In the Democratic primary, Biden faced his most significant challenge not from another candidate but from Arab American voters, progressives and young people protesting his support for Israel by choosing the “uncommitted” option on their ballots.
Early results showed that “uncommitted” had already received far more support than the roughly 11,000 votes by which Trump defeated Hillary Clinton in Michigan’s 2016 general election — the initial goal publicly set by the protest campaign’s organisers. Biden beat Trump by about 150,000 votes in Michigan in 2020.
By early Wednesday, more than 95,000 voters had chosen “uncommitted”, with nearly 85 per cent of the vote tallied — a figure that showed just how motivated left-leaning Michiganders were to register their disapproval toward Biden.
About 20,000 Democrats voted “uncommitted” in each of the last three Michigan Democratic presidential primaries.
Democrats will pay particular attention to the results in Ann Arbor, a college town where “uncommitted” was receiving nearly a third of the vote. While no battleground state has an Arab American community as large as Michigan’s, several have sizable numbers of student voters, from whom Biden will need a strong turnout to win
in November.
“I want to thank every Michigander who made their voice heard today,” Biden said in a statement that did not mention the “uncommitted” vote or the organised protest of his Gaza policy. “Exercising the right to vote and participating in our democracy is what makes America great.”

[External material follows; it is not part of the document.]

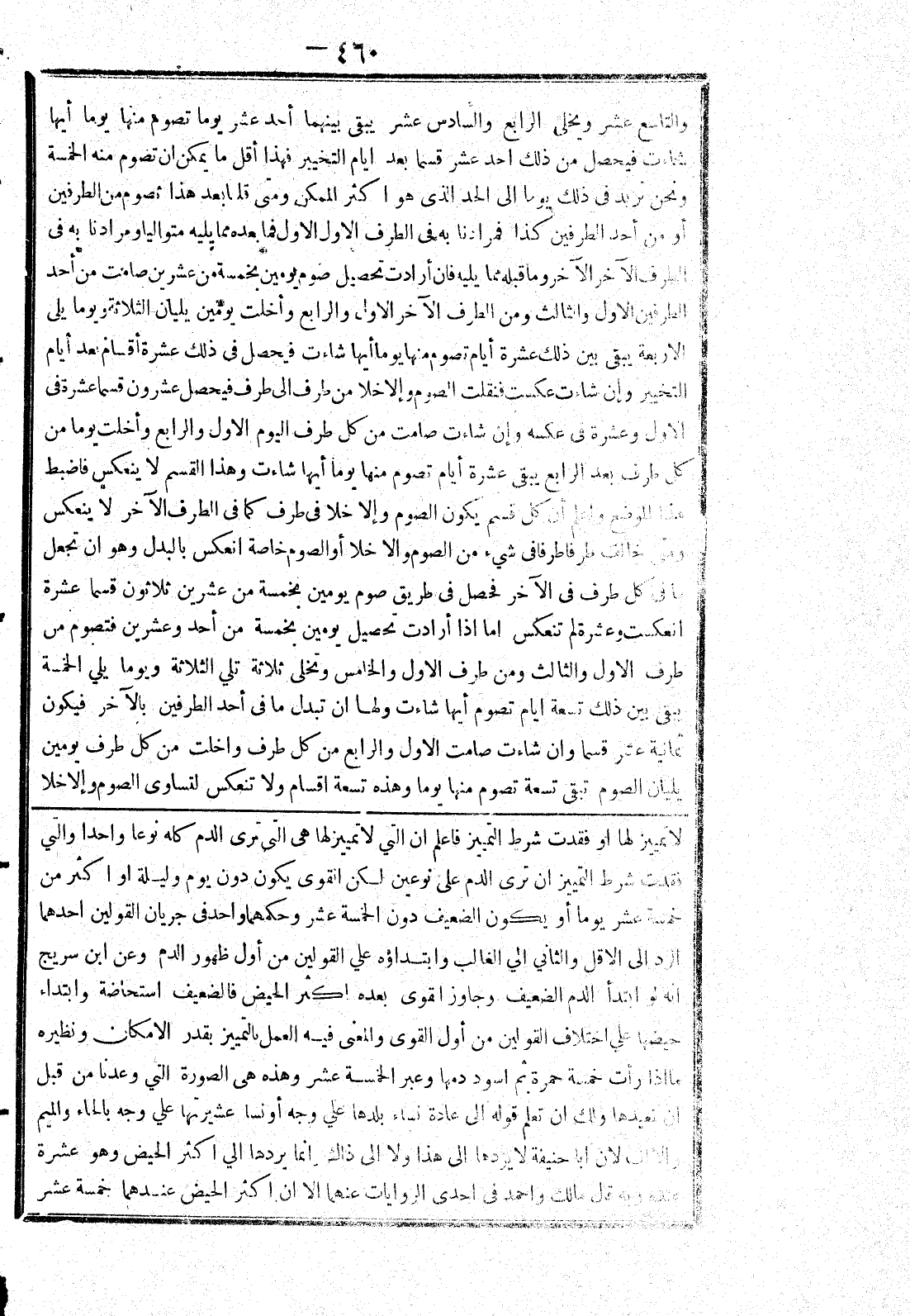 [لا تمييز لها أو فقدت شرط التمييز فاعلم ان التي لا تمييز لها هي التى ترى الدم كله نوعا واحدا والتي فقدت شرط التمييز ان ترى الدم على نوعين لكن القوى يكون دون يوم وليلة أو اكثر من خمسة عشر يوما أو يكون الضعيف دون الخمسة عشر وحكمهما واحد في جريان القولين احدهما الرد إلى الاقل والثاني الي الغالب وابتداؤه علي القولين من أول ظهور الدم وعن ابن سريج انه لو ابتدأ الدم الضعيف وجاوز القوى بعده اكثر الحيض فالضعيف استحاضة وابتداء حيضها علي اختلاف القولين من أول القوى والمعنى فيه العمل بالتمييز بقدر الامكان ونظيره ما إذا رأت خمسة حمرة ثم اسود دمها وعبر الخمسة عشر وهذه هي الصورة التي وعدنا من قبل ان نعيدها ولك ان تعلم قوله إلى عادة نساء بلدها علي وجه أو نساء عشيرتها علي وجه بالحاء والميم والالف لان ابا حنيفة لا يردها إلى هذا ولا إلى ذاك انما يردها الي اكثر الحيض وهو عشرة عنده وبه قال مالك واحمد في احدى الروايات عنهما الا ان اكثر الحيض عندهما خمسة عشر]

Organisers of the “uncommitted” effort were quick to claim victory, even if their overall share of the vote, 14 per cent as of early Wednesday, did not represent an overwhelming symbolic triumph against Biden, who had 80 per cent of the vote.
Layla Elabed — the campaign manager for Listen to Michigan, the group behind the protest vote — told supporters at a primary night watch party that they had sent a clear message to Biden that “Palestinian life is valuable and we demand a permanent cease-fire now”.
The movement aimed to warn Biden that he must change his stance on Gaza or face repercussions in November. The threat was most urgent in Michigan, which was vital to Biden’s 2020 victory and has lately tilted toward Trump in polls, but risked reverberating across the country.
Michigan — thanks to its large Arab American population, college campuses and early primary date — became the electoral focal point of wider Democratic unease with Biden’s support for Israel’s offensive in Gaza, which local health authorities say has killed over 29,000 Palestinians. Some of his allies feared that if the movement registered serious disapproval against him, it could have lasting effects into the general election, especially if Biden held firm to his position on the conflict.
“It’s not just the Arab American and Muslim community,” Representative Debbie Dingell of Michigan, a Democrat whose district includes Ann Arbor, said.